Cellulose acetate electrophoresis is a laboratory technique used for separating mixtures of hemoglobin based on their electrical charge and size.
During this method, hemoglobin samples are placed on a cellulose acetate membrane.

• An electric field is applied causing hemoglobins to migrate at different speeds based on their characteristics.
• Each type of hemoglobin has a unique migration pattern.
• The position where hemoglobins stop gives clues to their identity.

This technique is often used to diagnose various hemoglobin disorders and identify abnormal hemoglobin variants like Hemoglobin E.

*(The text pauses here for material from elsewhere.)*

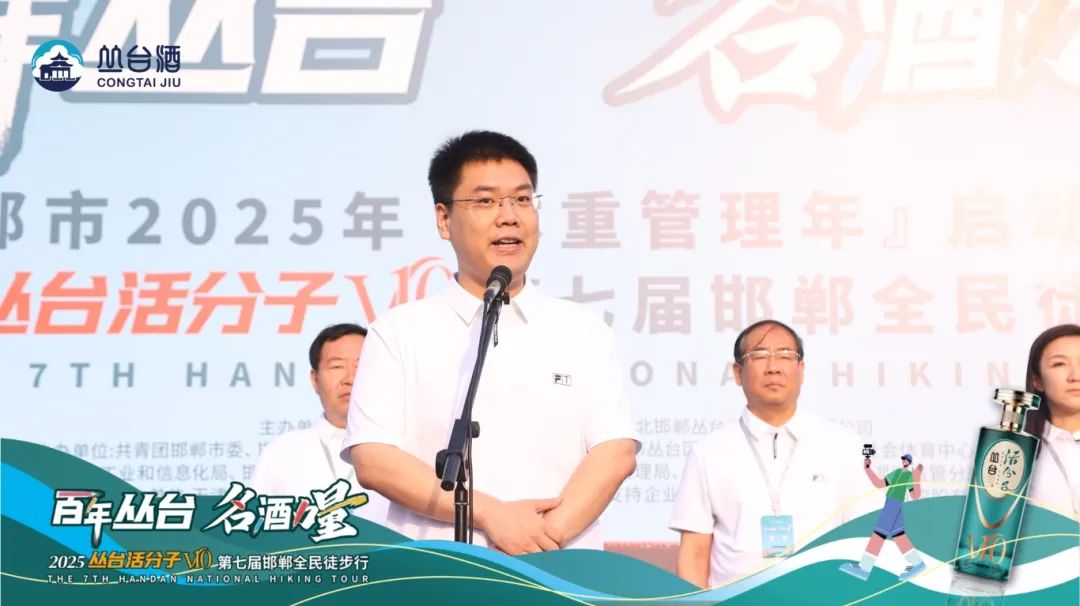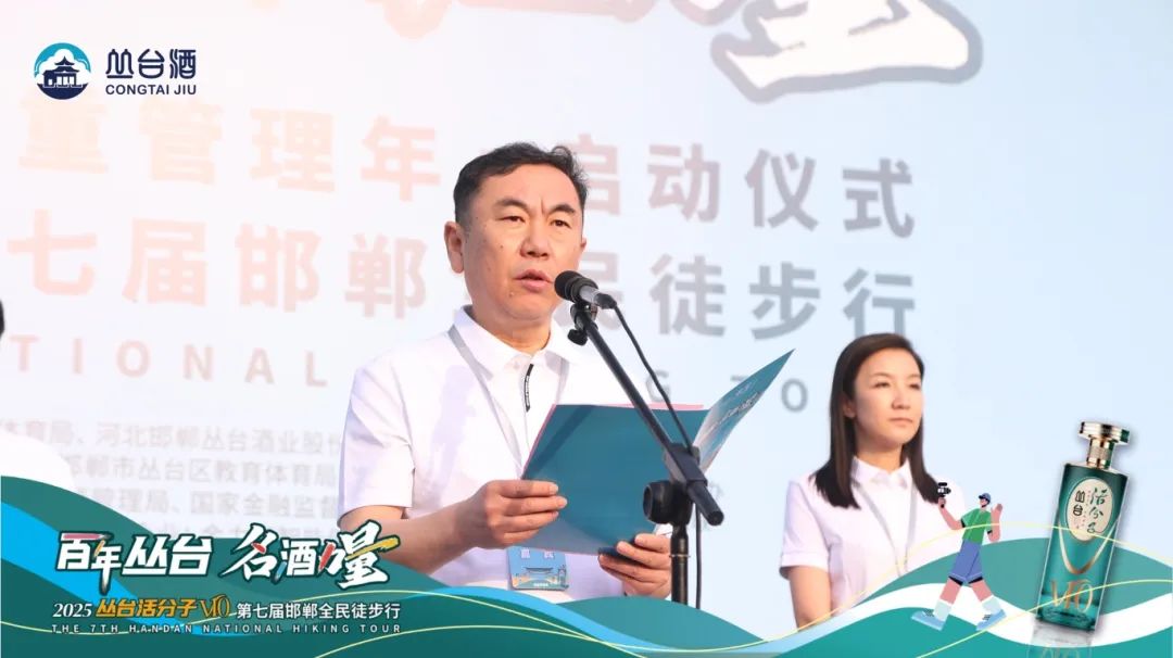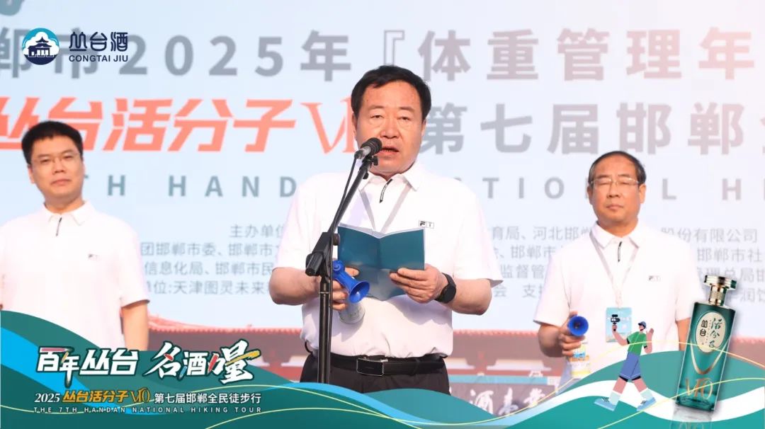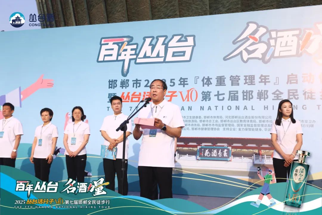 本次活動(dòng)由叢臺(tái)酒業(yè)攜手邯鄲市衛(wèi)生健康委、邯鄲市體育局主辦,由共青團(tuán)邯鄲市委、邯鄲市文化廣電和旅游局、邯鄲市總工會(huì)、邯鄲市叢臺(tái)區(qū)教育體育局、邯鄲市社會(huì)體育中心、邯鄲市愛(ài)衛(wèi)辦邯鄲市工業(yè)和信息化局、邯鄲市民政局、邯鄲市商務(wù)局、邯鄲市市場(chǎng)監(jiān)督管理局、國(guó)家金融監(jiān)督管理總局邯鄲監(jiān)管分局、邯鄲市婦聯(lián)、肥鄉(xiāng)區(qū)政府協(xié)辦,并得到怡寶礦泉水等企業(yè)鼎力支持。出席活動(dòng)領(lǐng)導(dǎo)有:邯鄲市人大常委副主任李海平,邯鄲市衛(wèi)健委黨組書(shū)記李之杰,共青團(tuán)邯鄲市委書(shū)記徐幗一,邯鄲市婦聯(lián)黨組書(shū)記、主席陳國(guó)慶,邯鄲市文化廣電和旅游局副局長(zhǎng)胡利娜,邯鄲市體育局黨組成員、副局長(zhǎng)韓林學(xué),邯鄲市總工會(huì)黨組成員、副主席周志理,邯鄲市民政局黨組副書(shū)記、副局長(zhǎng)、三級(jí)調(diào)研員卜炳獻(xiàn),邯鄲市工業(yè)和信息化局副局長(zhǎng)趙鋒,邯鄲市商務(wù)局副局長(zhǎng)薛學(xué)林,邯鄲市教育局副局長(zhǎng)高嘉藝,邯鄲市體育局三級(jí)調(diào)研員殷衛(wèi)兵,國(guó)家金融監(jiān)督管理總局邯鄲監(jiān)管分局三級(jí)調(diào)研員趙代政,邯鄲市商務(wù)局四級(jí)調(diào)研員劉永峰,邯鄲市愛(ài)衛(wèi)辦副主任王軍磊,邯鄲市肥鄉(xiāng)區(qū)人民政府副區(qū)長(zhǎng)韓峰,叢臺(tái)酒業(yè)集團(tuán)總經(jīng)理李鵬亮?;顒?dòng)以“百年叢臺(tái),名酒力量”為核心主題,熱烈響應(yīng)邯鄲市“體重管理年”健康倡議,同時(shí)獻(xiàn)禮叢臺(tái)酒業(yè)建廠80周年,以徒步為紐帶,倡導(dǎo)全民科學(xué)健身與健康生活方式,為建設(shè)活力邯鄲、健康邯鄲注入新動(dòng)能。

Hemoglobin variants are different types of hemoglobin that arise from mutations in the genes responsible for hemoglobin production.
These variants can affect the function and structure of hemoglobin.

• Hemoglobin A is the most common form in adults.
• Hemoglobin A2 is a minor component, typically making up about 2-3% of adult hemoglobin.
• Variants like Hemoglobin S, C, D, and E result from genetic mutations and can have significant clinical implications.

The migration patterns of these variants during electrophoresis help in their identification and diagnosis of related blood disorders.

Hemoglobin E is an abnormal hemoglobin variant frequently found in people from Southeast Asia.
It results from a mutation in the beta-globin gene. Hemoglobin E has distinctive properties:

• It can migrate in a similar pattern to Hemoglobin A2 during cellulose acetate electrophoresis.
• Patients with Hemoglobin E often have slightly low hemoglobin levels and microcytosis (small red blood cells).
• While generally mild, Hemoglobin E can cause more severe symptoms if inherited with another abnormal hemoglobin variant, like Hemoglobin S.

Understanding Hemoglobin E is crucial for diagnosing and managing associated hemoglobinopathies.

Southeast Asia has a high prevalence of certain hemoglobin abnormalities due to genetic factors.
Common hemoglobin disorders in this region include:

• Hemoglobin E, which is one of the most frequent variants found.
• Thalassemias, a group of inherited conditions that cause the body to produce less hemoglobin and fewer red blood cells.
• Hemoglobin Constant Spring, a less common but significant variant that can cause anemia.

Awareness and diagnosis of these abnormalities are vital for effective treatment and management in affected populations.